# US Sands of Destruction screens



## granville (Jan 24, 2009)

New screens were released for Sands of Destruction today. This is the US title of World Destruction, an excellent RPG released last year. The game is due out fall of this year in the US and is apparently receiving a new soundtrack. For now, enjoy some English screens:



























Sorry, they're a bit grainy. But they show off some of the script.

http://www.nintendoeverything.com/?p=9018


----------



## Raven Darkheart (Jan 24, 2009)

sands of destruction has a fall release date?
i thought it was scheduled for the march rush


----------



## granville (Jan 24, 2009)

I'm remembering somewhere saying fall. I could be wrong, but I certainly didn't hear March. I also heard they are recomposing the music and fixing the battle system to be harder. Apparently the battle had some flaws that made it easy to win or something.

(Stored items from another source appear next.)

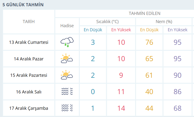BURSA İÇİN 5 GÜNLÜK HAVA DURUMU TAHMİNİ
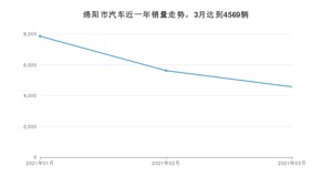 2021年3月,绵阳市汽车总销量为4569辆,同比增长27.95%,环比下降18.74%。1-3月份,绵阳市总销量为18048辆,同比增长40.88%。在最近1年中,绵阳市销量在2021年01月达到最高,销量为7856辆。
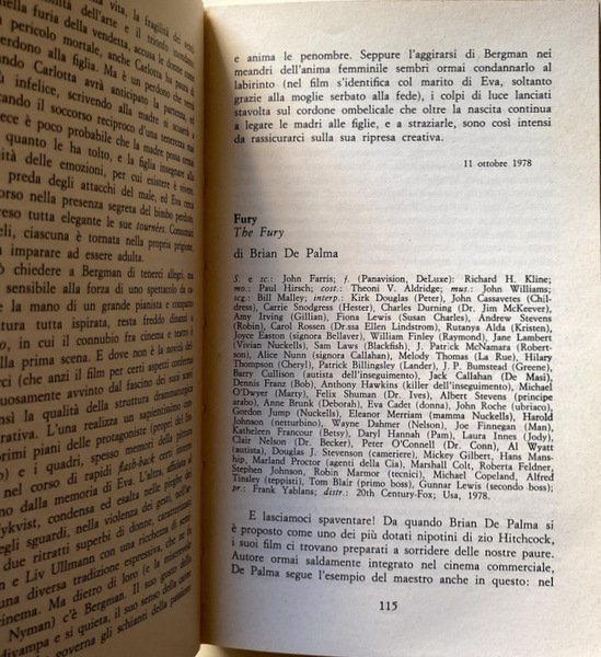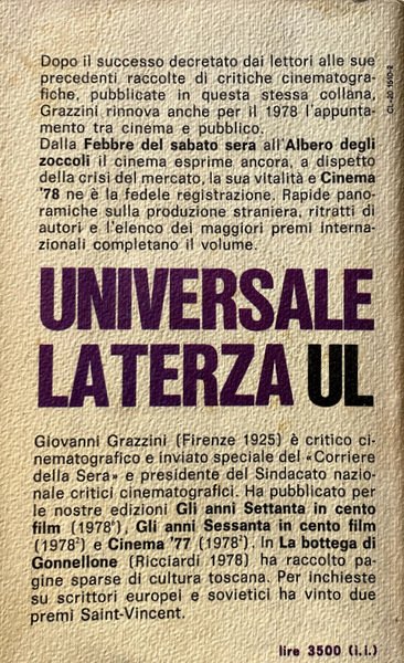 Soggetti: Spettacolo, Cinema, Storia, Anni Settanta, Critica cinematografica, Recensioni, Liste, Filmografia, Titoli, Registi, Soggetto, Sceneggiatura, Premio Oscar, Fotografia, Montaggio, Schede filmografiche, Trame, Febbre del sabato sera, Albero degli zoccoli, Noccioline a colazione, Geppo il folle, Una donna tutta sola, Libri Vintage Fuori catalogo, Saggi, Collezionismo, Da collezione, John Travolta, Olivia Newton, Attori, Attrici, Divi, Divismo, Dive, Star, Red Carpet, Sociologia, Ideologie politiche, Contestazione, Cinema italiano, Americano, Nanni Moretti, Ecce Bombo, Roberto Rossellini, Weimar, Rassegne, Festival, TV, Centro sperimentale, Indipendente, Ridley Scott, I Duellanti, The Duellists, Brian De Palma, The Fury, Ingmar Bergman, Jacques Rouffio, Violette, Vivere giovani, Woody Allen, Robert Altman, Damiano Damiani, Oshima, Ornella Muti, Lelouch, Elia Kazan, Sophia Loren, Leone, Alfred Hitchcock, Irving, Invernizio, Buster Keaton, Ennio Morricone, Colonne sonore, Musica, Effetti speciali, Horror, Fantasy, Thriller, Spy, Gialli, Gangster, Ugo Tognazzi, Vanessa Redgrave, Liv Ulmann, Wim Wenders, Alida Valli, Enrico Maria Salerno, Lina Wertmuller, Franco Zeffirelli, Commedia, Il vizietto, Marlowe indaga, Indici, Primo Amore, Pretty baby, Sparatoria, Sinfonia d'autunno, Vigilato speciale, Ultimo valzer, Welcome to Los Angeles, Shoot voglia di uccidere, Ritratto di borghesia in nero, Donna Flor e i suoi due mariti, Akira Kurosawa, Corbucci, Dodeskaden, Giulia, Fred Zinnemann, La fine del mondo nel solito nostro letto in una notte di piena pioggia, Marco Ferreri, Ciao Maschio, Steven Spielberg, Racconti ravvicinati del terzo tipo, Tavernier, Francese, Tre simpatiche carogne, Girod, Bresson, Il diavolo probabilmente, Locarno, Cannes, Nizza, Venezia, FIST, Milos Forman, Qualcuno sta uccidendo i più grandi cuochi d'Europa, Ted Kotcheff, Alberto Sordi, Bolognini, Warren Beatty, Il Paradiso può attendere, Steno, Adriano Celentano, Mario Soldati, Bodganovich, Una moglie, Cassavetes, Molinaro, Lattuada, Occhi di Laura Mars, Show, Cinema, History, Seventies, Film criticism, Reviews, Lists, Filmography, Titles, Directors, Subject, Screenplay, Photography, Editing, Film Cards, Plots, Saturday night fever, Tree of hooves, Peanuts for breakfast, Geppo il Crazy, A woman all alone, Out of print books, Essays, Collectibles, Collectables, Actors, Actresses, Divis, Sociology, Political ideologies, Contestation, Reviews, Experimental center, Independent, Soundtracks, Music, Special effects, Comedy, The vice, Marlowe investigates, Indices, Shooting, Autumn Symphony, Special vigil, Last waltz, Desire to kill, Portrait of the bourgeoisie in black, Donna Flor and her two husbands, The end of the world in our usual bed on a night of Full Rain, Close Tales of the Third Kind, French, Three Nice Carrion, The Devil Probably, Someone Is Killing Europe's Greatest Cooks, Heaven Can Wait, A Wife

The battle and music changing comments were from here:
http://www.siliconera.com/2008/10/14/world...-in-the-future/

Hope the music is good. If not, I hope we can undub the game.

On second though, the fall date was what Nintendo Power said.

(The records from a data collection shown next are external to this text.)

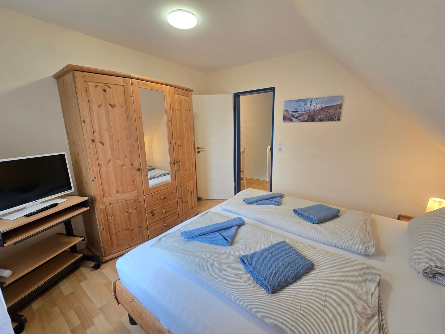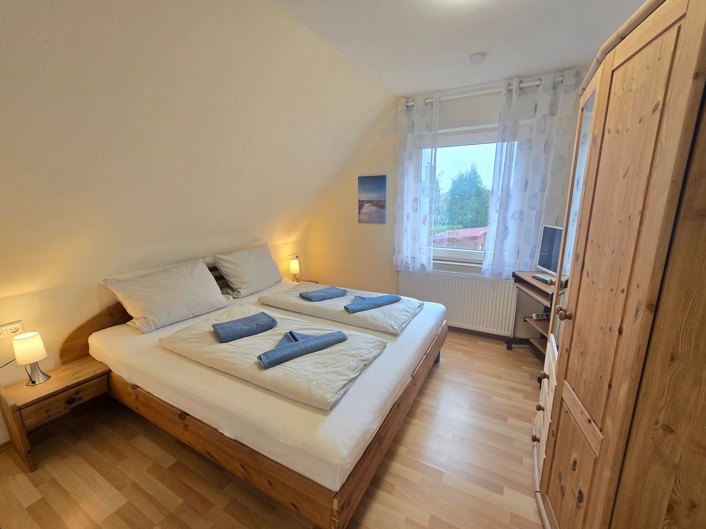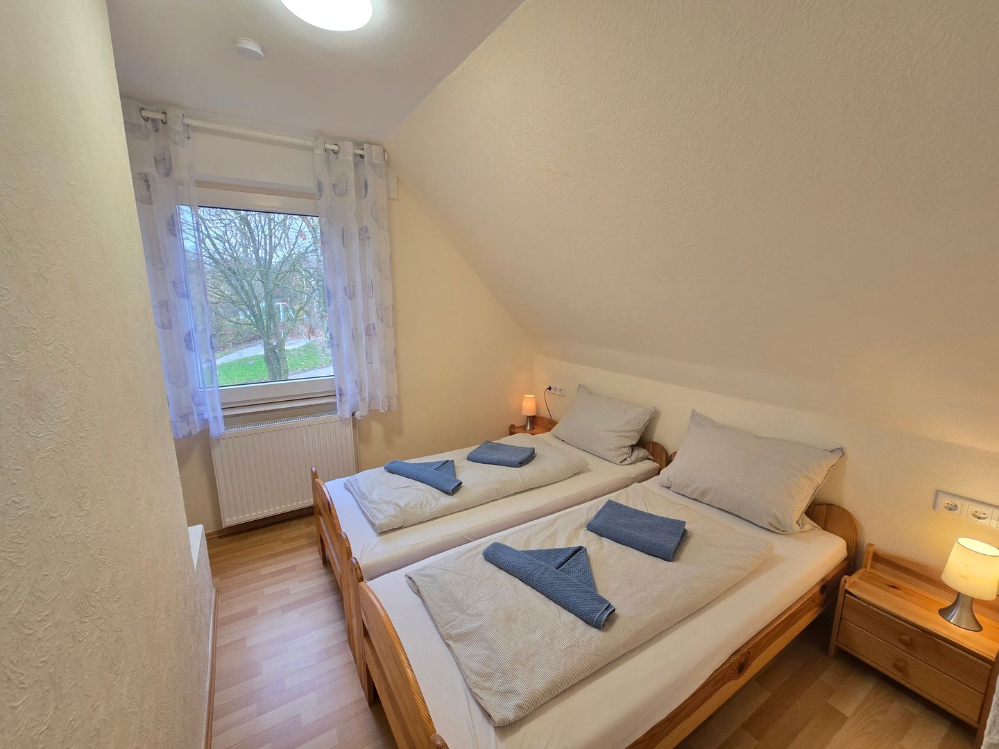 Im Obergeschoss befinden sich zwei komfortable Schlafzimmer, ideal für bis zu vier Personen, sowie ein Badezimmer mit Dusche. Unser Ferienhaus ist besonders familien- und hundefreundlich, sodass auch Ihre vierbeinigen Begleiter herzlich willkommen sind.
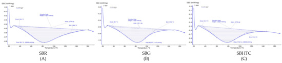 The gelatinization properties of SBR, SBG, and SBHTC flour, including onset temperature (T0), peak temperature (TP), conclusion temperature (TC), temperature range (TC-T0), and gelatinization enthalpy, are depicted in Figure 2. These gelatinization properties were significantly impacted by processing methods such as germination and hydrothermal treatment.
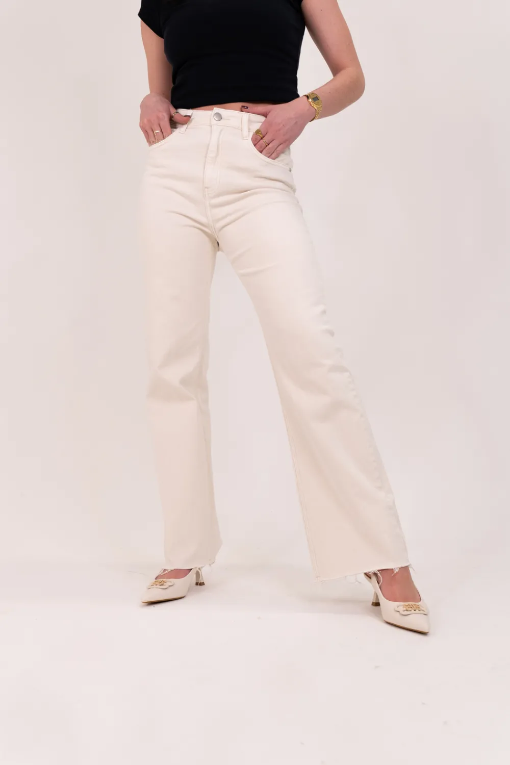 Expertly crafted with a high waist and stretch fabric, our Lynne Frayed Hem Wide Leg Jeans in Cream provide both comfort and style. The wide leg cut and frayed hem offer a modern touch, making these jeans a versatile addition to your wardrobe.

I found an interview detailing some info:

- "Not since it turned Anakin Skywalker into a whining, complaining wuss ahs sand been so volatile."
- Ferals (race of beastmen) use humans as slaves. "It seems like the only escape of the humans in Sands of Destruction is to end it all, and that's where the story kicks off ..."
- The World Annihilation Front is led by a 16-year old girl named Morte.
- Duel-screen boss fights with multiple attack points, some more vulnerable than others.
- Random, turn-based battles. Attacks can be upgraded.
- You are Kyrie who's just out trying to find Mushrooms for his uncle. He's then summoned to the Feral mayor's house, placed under arrest, and then a power inside him wells up and melts all the bad guys. 
	

	
	
		
		

		
		
	


	




 He's drained, placed in prison, rescued by Morte, and the story's off!
- Travel the sand covered world on sand ships. Fight sand whales. Team up with a Feral who looks like a cuddly Teddby Bear, but is actually a veteran bounty hunter who would kill anyone for the right price. Imagine this guy coming to kill you.
- Learning catch-phrases gives you status boosts.
- Fully voiced cut-scenes. 50 tracks from Procyon Studio with 20 by Mitsuda himself.
- "Who knows? If these were the sands that Anakin had been exposed to, maybe Darth Vader wouldn't have been such a jerk."

Interview:

- NP: The story seems pretty dark. What would you say are the game's themes, and what compelled you to go in this direction?
Kato: Well, I could spend an endless amount of time talking about what compelled us to go in this direction. At the most basic RPG level, [a typical story] comes down to the main character(s) of the game fighting against and trying to defeat enemies to save the world to justify their beliefs, to protect the ones they love, and to serve justice. For RPGs it seems the natural way for a game system to work - beat the enemy; otherwise it's the end of the game.
Yet I felt it would be refreshing to change the point of view a bit where "destruction of the world" is justified because of all the stronb bullying the weak, judging and accusing of others - I am hoping to arrive at a completely new game.
Of course, I cannot express that straight in the game and tried to keep it somewhat cheerful and entertaining on the surface. However, I find that games with such a story direction could be more acceptable these days, as the world we live in now is becoming more chaotic and uncertain.
- Other questions, but none that stand out to me. His favorite character in the game is Morte, though.

This came from Nintendo Power and copied here:
http://www.neogaf.com/forum/showthread.php?t=348182


----------



## Raven Darkheart (Jan 24, 2009)

ok i back checked some sights that weren't gamefaqs and august is right. i wouldn't be able to play it in march anyway with the rush of games coming up in the next 8 weeks


----------



## granville (Jan 24, 2009)

Yeah, this year the DS is being pelted with RPG goodness!


----------



## Orangegamer (Jan 24, 2009)

QUOTE said:
			
		

> Sorry, they're a bit grainy. But they show off some of the script.
> 
> http://www.nintendoeverything.com/?p=9018


the link doesn't work
anyway of fixing it?


----------



## Toni Plutonij (Jan 25, 2009)

Yaaaaaaaaayyy!! I'm so hyped up about this!! This game looks excellent, I'm guessing it'll be one of my favorites for the NDS!


----------



## granville (Jan 25, 2009)

That site seems down at the moment. I can't get into it right now. For now, the pictures can be seen here:

http://www.gamekyo.com/newsen29851_world-d...ages-timid.html


----------